Create a gist now

Instantly share code, notes, and snippets.

How to use Google's API with R

Using Google Maps API and R

This script uses RCurl and RJSONIO to download data from Google's API to get the latitude, longitude, location type, and formatted address

library(RCurl)
library(RJSONIO)
library(plyr)

Build a URL to access the API:

url <- function(address, return.call = "json", sensor = "false") {
  root <- "http://maps.google.com/maps/api/geocode/"
  u <- paste(root, return.call, "?address=", address, "&sensor=", sensor, sep = "")
  return(URLencode(u))
}

Function to parse the results:

geoCode <- function(address,verbose=FALSE) {
  if(verbose) cat(address,"\n")
  u <- url(address)
  doc <- getURL(u)
  x <- fromJSON(doc,simplify = FALSE)
  if(x$status=="OK") {
    lat <- x$results[[1]]$geometry$location$lat
    lng <- x$results[[1]]$geometry$location$lng
    location_type  <- x$results[[1]]$geometry$location_type
    formatted_address  <- x$results[[1]]$formatted_address
    return(c(lat, lng, location_type, formatted_address))
    Sys.sleep(0.5)
  } else {
    return(c(NA,NA,NA, NA))
  }
}

Test with one address

address <- geoCode("The White House, Washington, DC")

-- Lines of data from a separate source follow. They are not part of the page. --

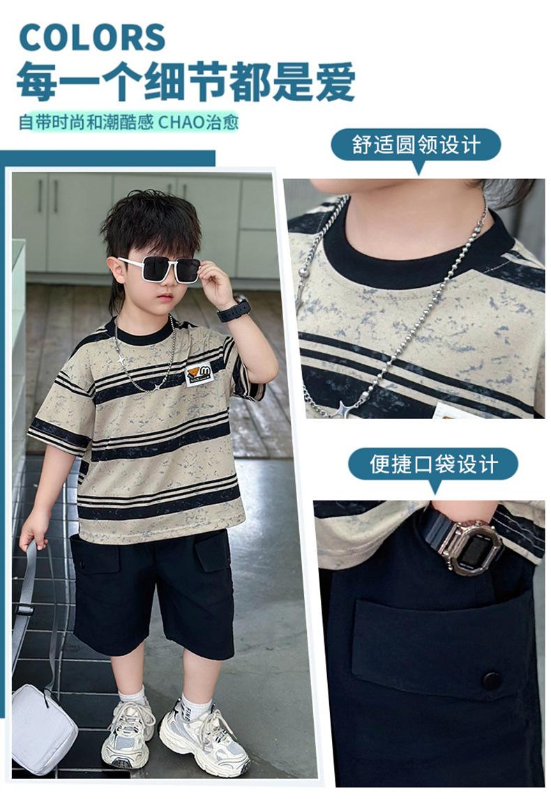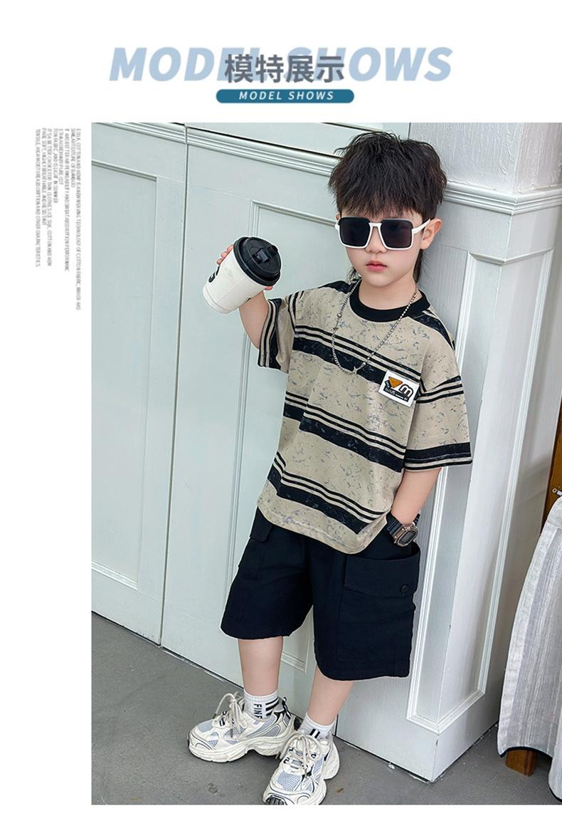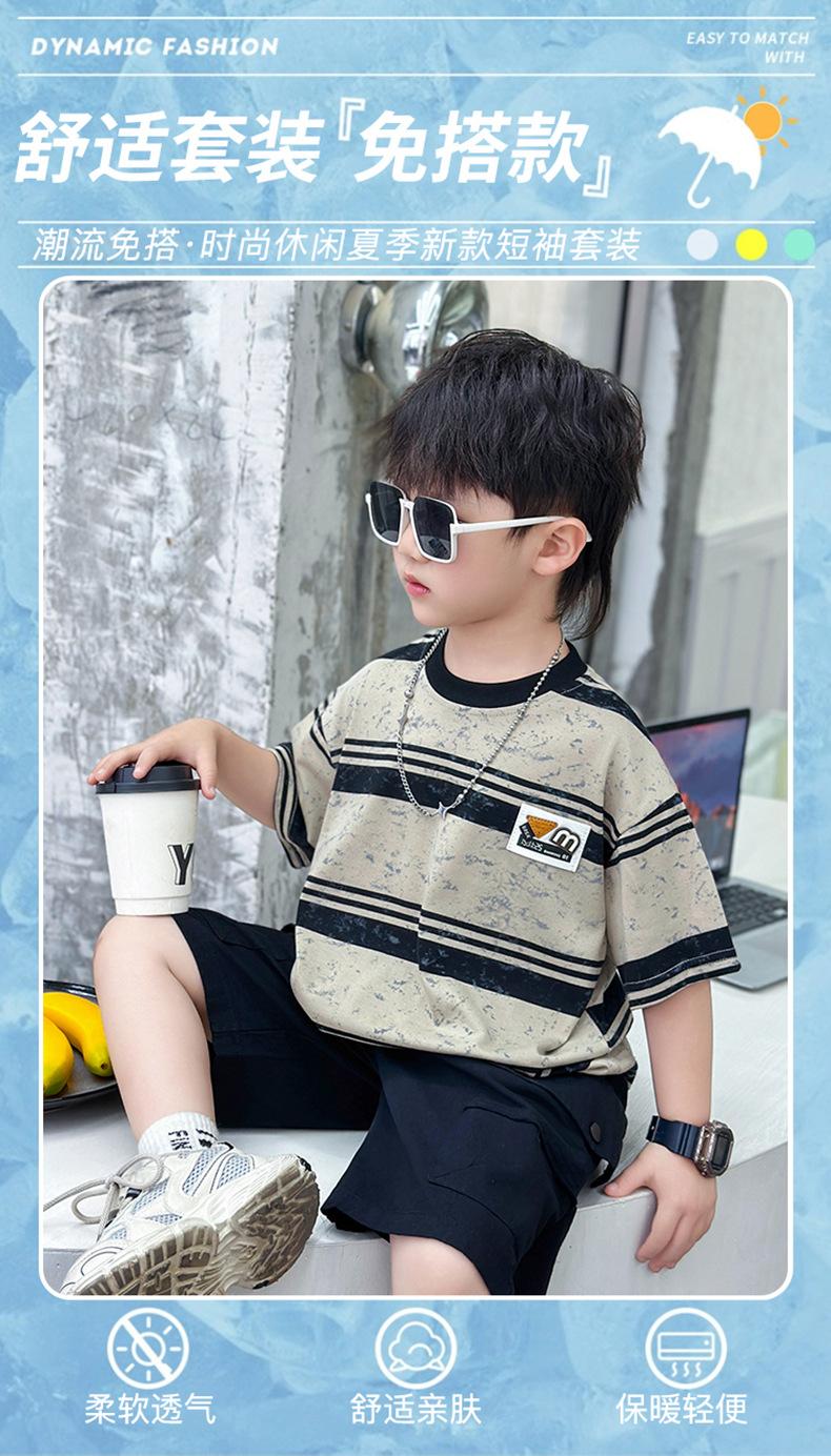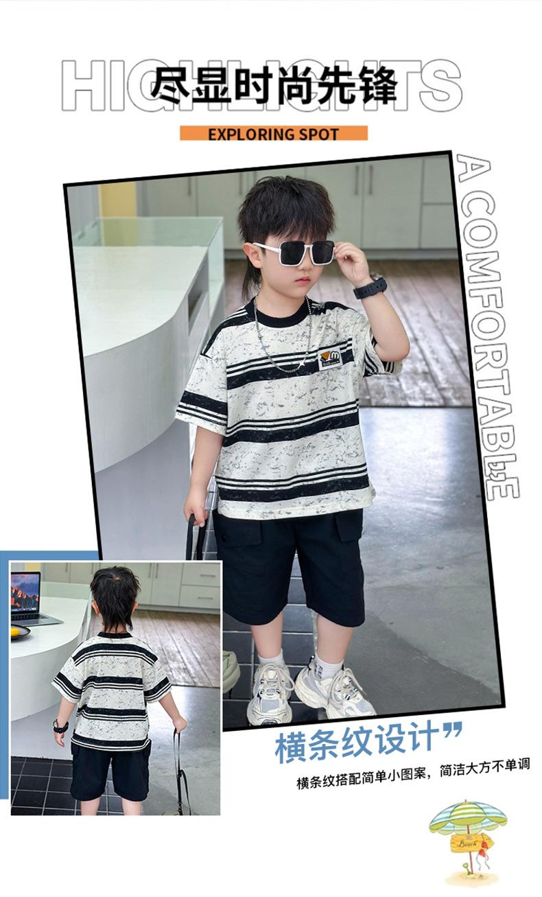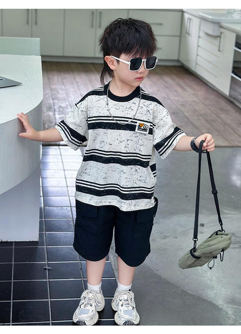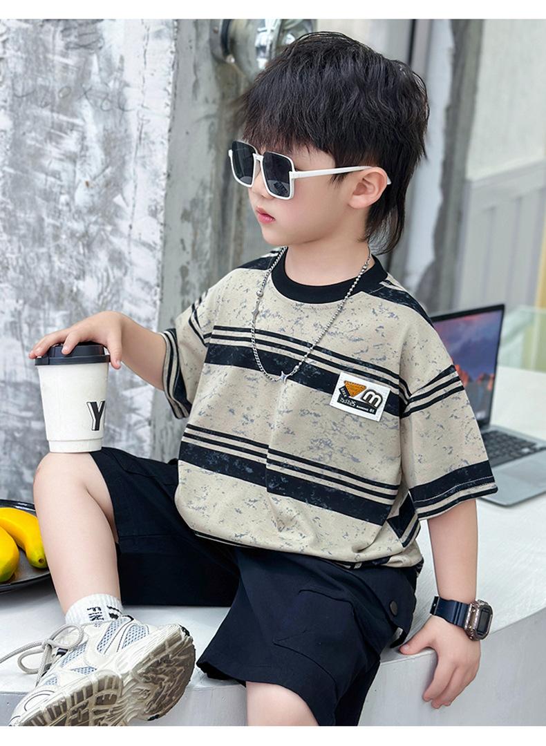 Traje para niño Ropa de verano Camiseta de rayas de manga corta para niños Conjunto de dos piezas 2025 Nuevo verano Bebé niño Manga corta Ropa para niños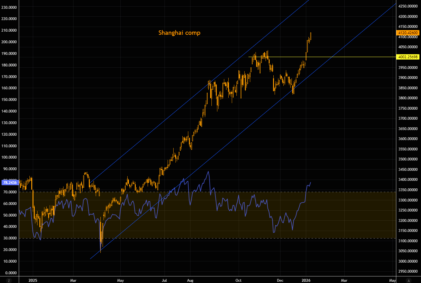 The Shanghai Composite keeps ripping, extending the melt-up. Remarkably, the latest China bull is still barely on the radar (for more see here and here). Even a push toward trend-channel highs implies meaningful upside from here. Yes, RSI is stretched, but overbought has a habit of staying overbought much longer than consensus dares to imagine.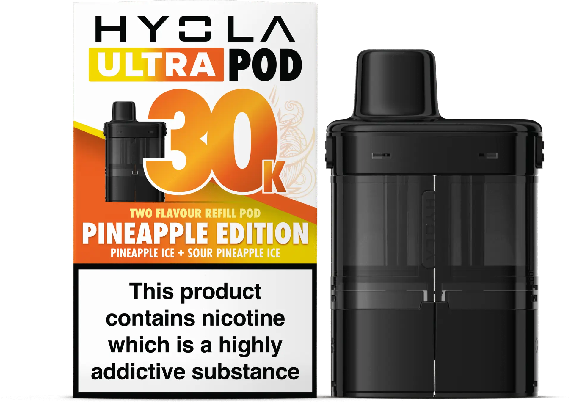 Hyola Pineapple Edition Ultra 30K refill packs are designed for the Hyola Ultra 30K big puff vape kit. Each refill pack contains two prefilled 1ml pods that house dual mesh coils, along with two 9ml refill containers. When assembled and paired with your device, they’ll provide up to 30000 puffs, along with a discreet amount of vapour for a familiar MTL (Mouth to Lung) inhale.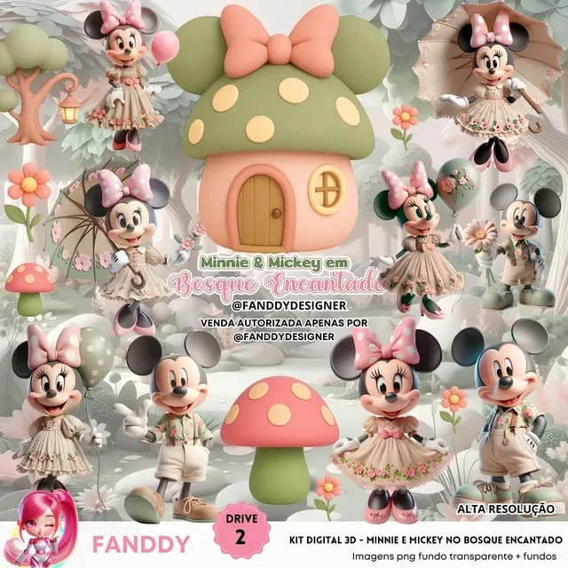 KIT DIGITAL MINNIE E MICKEY NO BOSQUE ENCANTADO-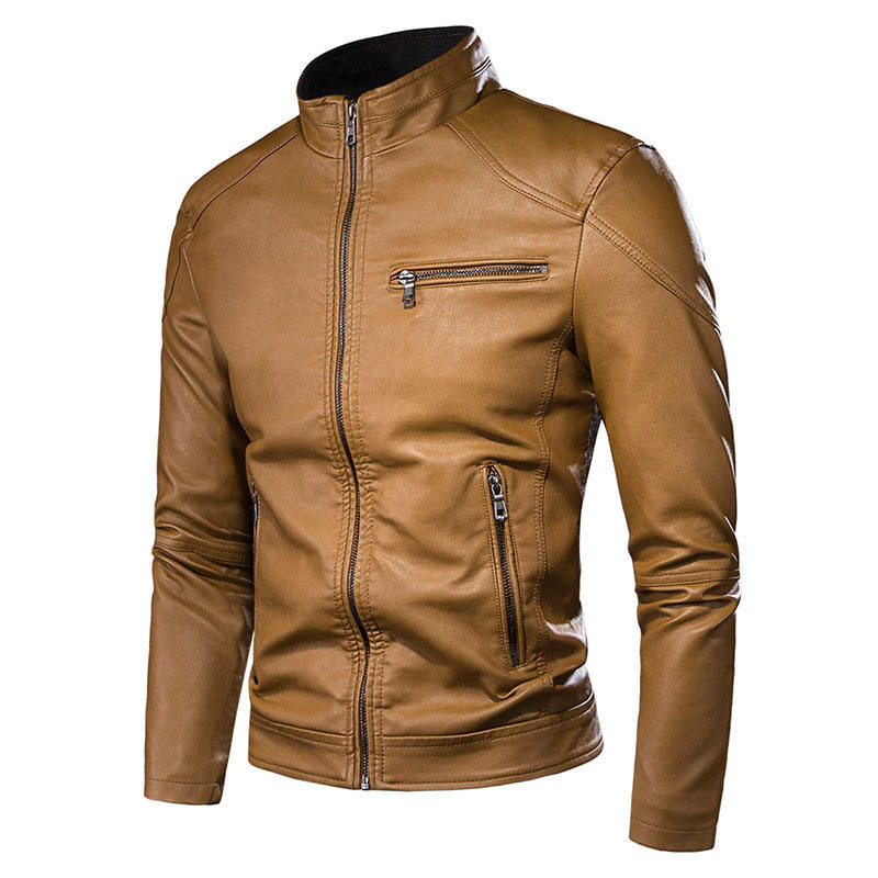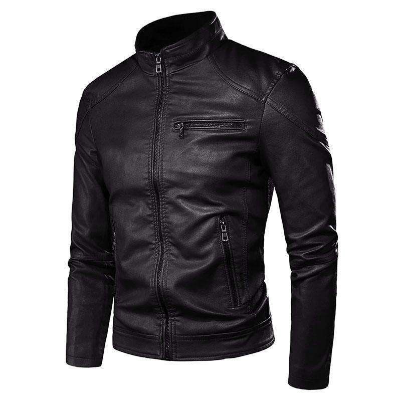 แจ็คเก็ตหนัง PU สำหรับผู้ชาย, เสื้อแจ็คเก็ตหนังวินเทจลำลองสำหรับขี่มอเตอร์ไซค์ฤดูใบไม้ผลิใหม่

First two items are the latitude and longitude coordinates, then the location type and formatted address

address

We can use Plyr to geocode a vector with addresses

address <- c("The White House, Washington, DC","The Capitol, Washington, DC")
locations  <- ldply(address, function(x) geoCode(x))
names(locations)  <- c("lat","lon","location_type", "formatted")
head(locations)

The following are the different location types:

  • "ROOFTOP" indicates that the returned result is a precise geocode for which we have location information accurate down to street address precision.
  • RANGE_INTERPOLATED" indicates that the returned result reflects an approximation (usually on a road) interpolated between two precise points (such as intersections). Interpolated results are generally returned when rooftop geocodes are unavailable for a street address.
  • GEOMETRIC_CENTER" indicates that the returned result is the geometric center of a result such as a polyline (for example, a street) or polygon (region).
  • APPROXIMATE" indicates that the returned result is approximate.

For more info on Google Maps API check here

@llpuente
llpuente commented May 7, 2015

When I insert a vector of a couple hundred addresses, a non-trivial percentage comes back as NA's. This is presumably because when the API was pinged for those particular addresses, the status came back as something other than "OK". I think this because when those same entries are inputted individually, the coordinates come out neatly. Any thoughts on how to overcome this? One thought would be to "re-ping" the API each time the status is not "OK," but am wondering how to do so most efficiently. Thanks for any thoughts!

For what it's worth, here's a fairly hackish way of overcoming this issue:

Run loop to replace NA's created during the initial run of ldply:

for(i in 1:length(address)){
if(is.na(locations $lat[i])){
locations[i,]<-ldply(locations[i], function(x) geoCode(x))
}
}

@anniejw6

You're probably hitting the Google Maps API rate limit. Just add pauses in your loops. (Note, 3 seconds is arbitrary and probably a bit conservative.)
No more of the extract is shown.